─── Materials provided ───

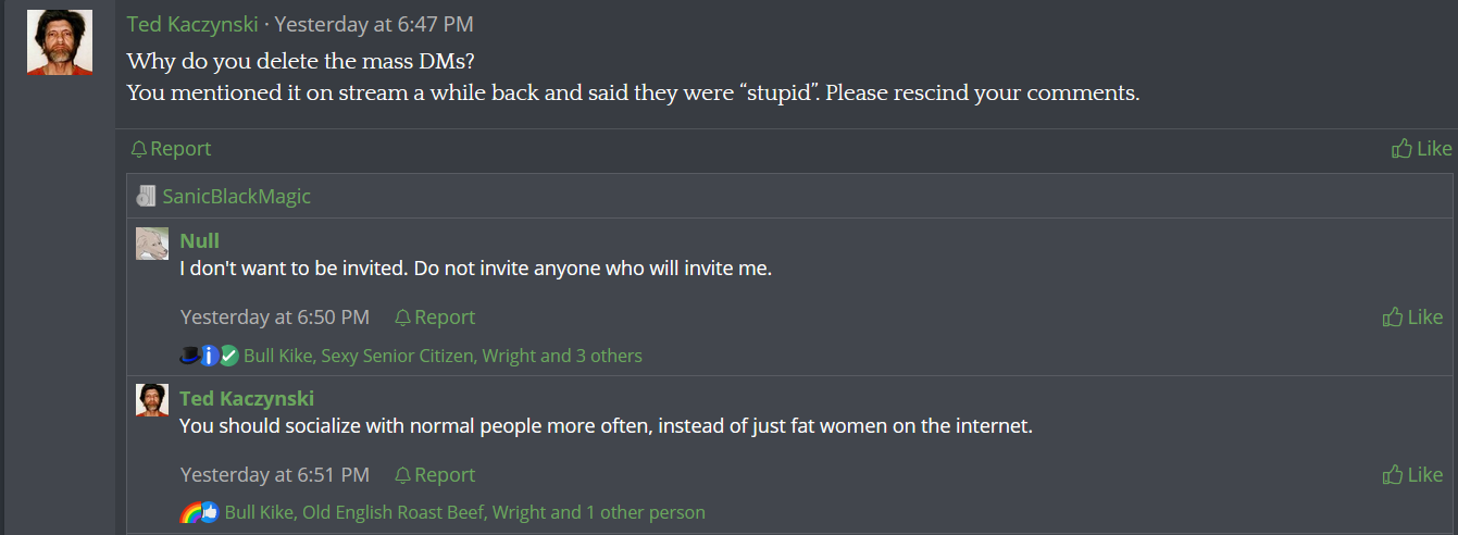 If you take one look at Josh, you can see that he's a sexual market loser just by physiognomy alone. This often (but not always) leads to simping, deviant sexual fetishes, et cetera. Speaking frankly, he strikes me as the kind of guy who desperately wants to be fucked up the ass by a dysgenic BPD girl like AR. I have no proof of this, it's just the feeling that I get from his gay white knight spergouts. Comically, the more he white knights for her and uses mod powers to defend her, the more he proves me right about my accusations of favoritism.
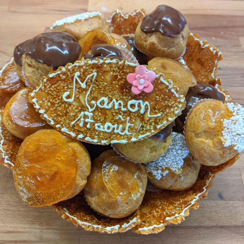Je me déplace avec tout le matériel nécessaire et je vous guide pas à pas. Vous apprendrez à faire des petits choux à la crème de A à Z en suivant la recette traditionnelle. Pour finir en beauté, vous découvrirez comment faire une corbeille en nougatine.
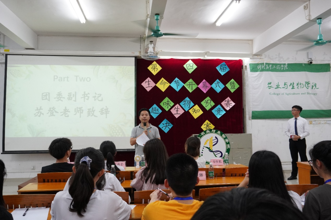 首先举行的是第四届生命节开幕式。仪式上,员工骨干代表王柄森带大家回顾了往届生命节的精彩现场,随后他介绍了本届生命节的主要活动:趣味生物知识竞赛、种子画大赛和健康素养知识竞赛。最后,由团委副书记苏登老师致辞,首先他对参赛了到来的同学们表示了欢迎,他希望各班级的同学能积极参加公司举办的类似活动,本次活动主题为“探索生命、感悟生命、绽放生命”,生命节的举办是对同学们专业知识的一次考验,其中涉及到很多的专业知识和生物知识,他希望同学们能认真学习并通过努力取得良好的成绩。
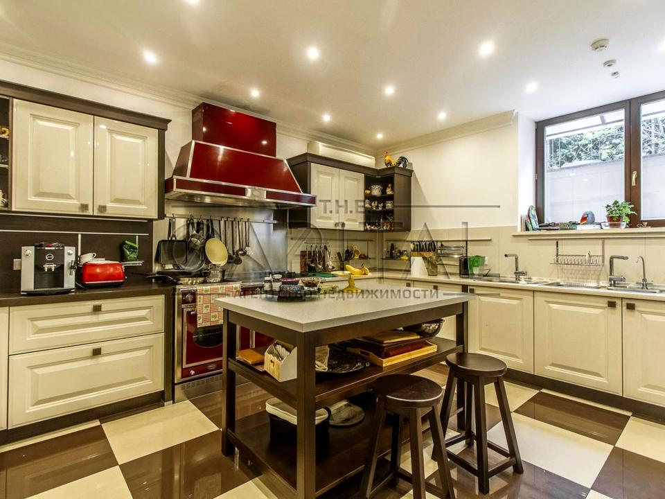 - кухня-столовая порядка 100 кв.м с огромным столом и высокими потолками + зона отдыха с диванами и баром
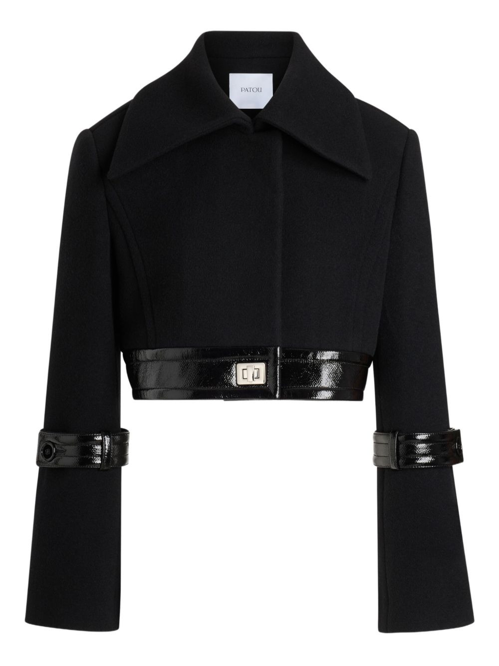 patent-trimmed wool jacket Highlights - Black - Patent leather trim - Cropped length - Wide sleeves - Button fastening - Oversize collar Imported Composition Lining: Viscose 100% Outer: Wool 100% Washing instructions Dry Clean Only
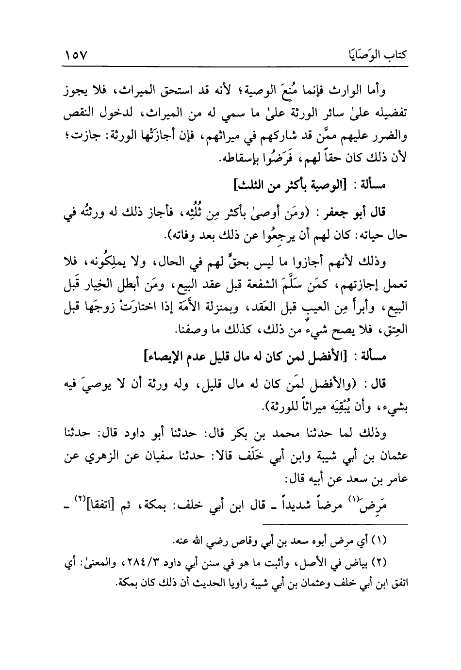 قال أبو جعفر: (ومن أوصى بأكثر من ثلثه، فأجاز ذلك له ورثته في حال حياته: كان لهم أن يرجعوا عن ذلك بعد وفاته).
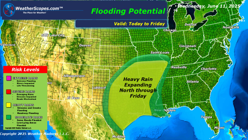 Today showers and thunderstorms will continue in Texas as they have been dealing with storms daily. With the rain flooding with also be an issue to parts of Texas and parts of the Mississippi Valley. Some of those storms in Texas could be severe later. Later tonight storms will develop in the Plains and move into the Upper Great Lakes overnight. Some of those storms could become severe. The Midwest into some parts of the Northeast still dealing with some air quality issues from the Canadian Wildfires.
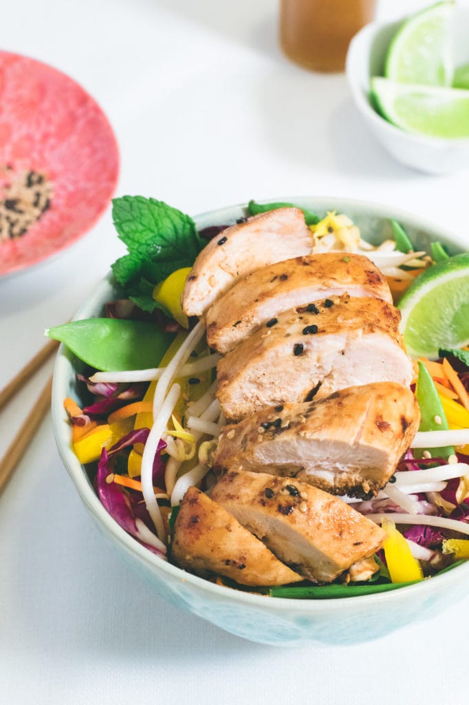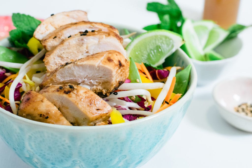 - Servir le poulet sur les légumes et ajouter la vinaigrette réservée à l'étape 1. Si désiré, saupoudrer de graines de sésame et décorer de quartiers de lime.
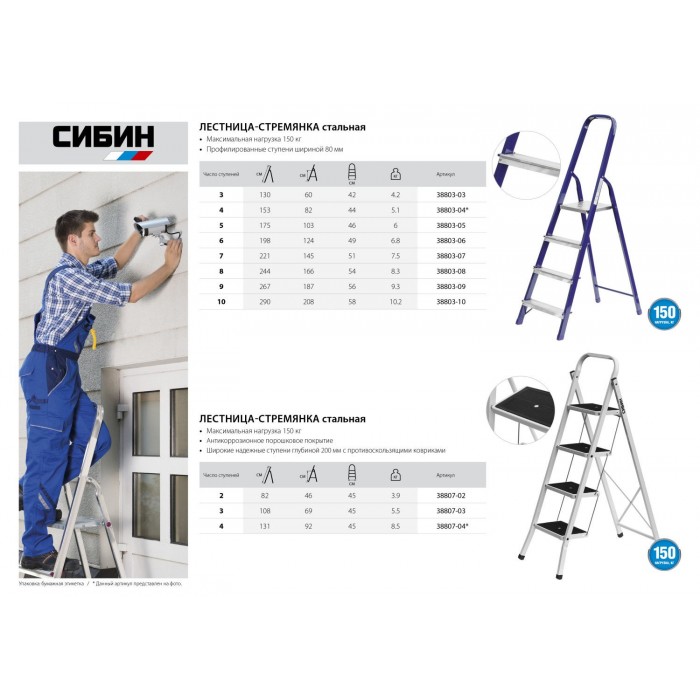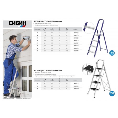 СИБИН 3 ступени, 60 см, стальная стремянка (38803-03)
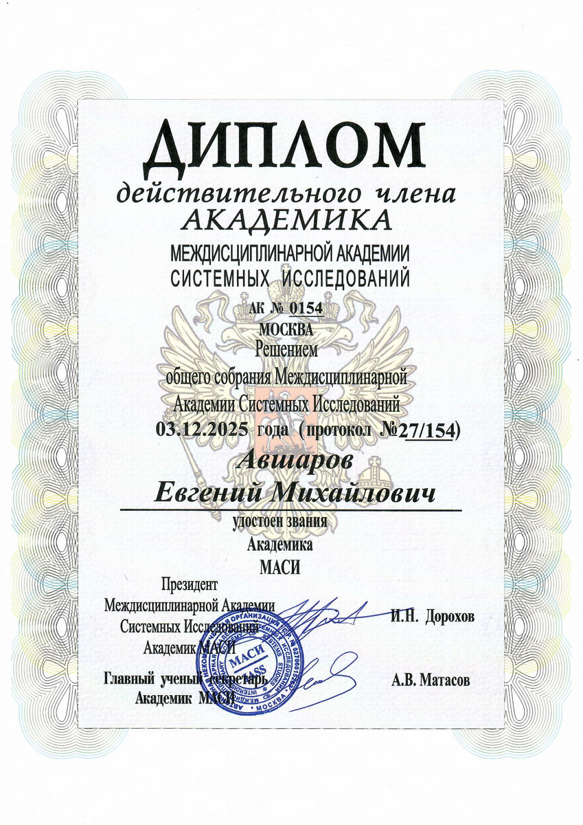 С уважением, Президент МАСИ И.Н.Дорохов. " 03.12.2025г. Диплом в формате PDF смотреть по ссылке - http://www.course-as.ru/AEM_GE/AEM_МАСИ.pdf Приятно когда твой труд оценивают сторонние организации, без контактирования с автором! Выражаю свою глубокую признательность за высокую оценку моих трудов в области экспериментальных измерений излучений неэлектромагнитного характера с помощью "Эфиродинамических Измерителей Авшарова", и с присвоением мне звания Академика "МАСИ"!
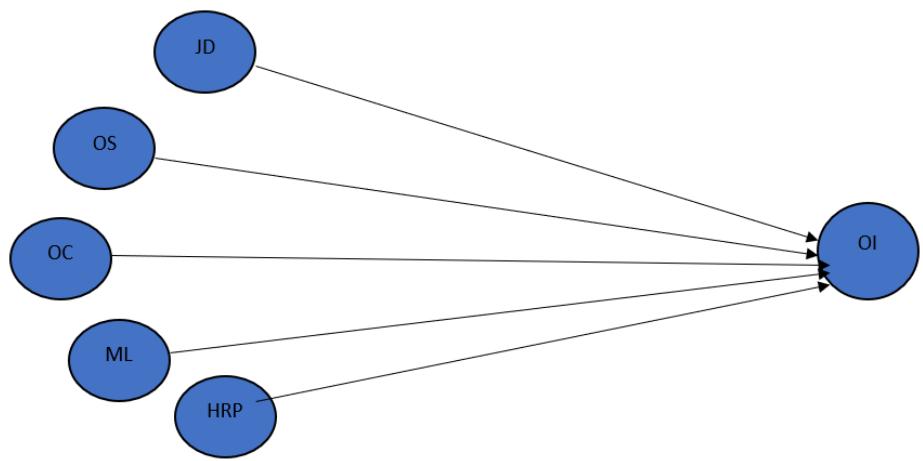 Note: HRP: Human Resource Planning; JD: Job Design; OC: Organizational Culture; ML: Managerial Leadership; OS: Organizational Structure.
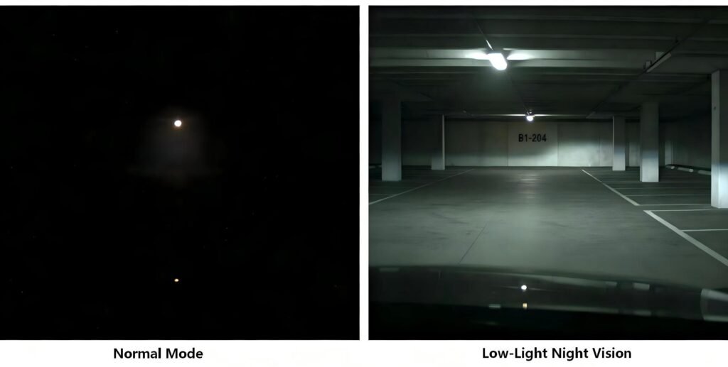 - Individual & Parking Mode: Provides “Time-Lapse” or “Impact Detection” security in unlit residential areas, capturing license plates that standard cameras would render as black silhouettes.

───

**Instructions to follow**
From the records above, output only the lines starting at the one containing "- Servir le" and ending at the one containing "С уважением, Президент", word for word. Pictures stay out.

**Output of the task**
 - Servir le poulet sur les légumes et ajouter la vinaigrette réservée à l'étape 1. Si désiré, saupoudrer de graines de sésame et décorer de quartiers de lime.
 СИБИН 3 ступени, 60 см, стальная стремянка (38803-03)
 С уважением, Президент МАСИ И.Н.Дорохов. " 03.12.2025г. Диплом в формате PDF смотреть по ссылке - http://www.course-as.ru/AEM_GE/AEM_МАСИ.pdf Приятно когда твой труд оценивают сторонние организации, без контактирования с автором! Выражаю свою глубокую признательность за высокую оценку моих трудов в области экспериментальных измерений излучений неэлектромагнитного характера с помощью "Эфиродинамических Измерителей Авшарова", и с присвоением мне звания Академика "МАСИ"!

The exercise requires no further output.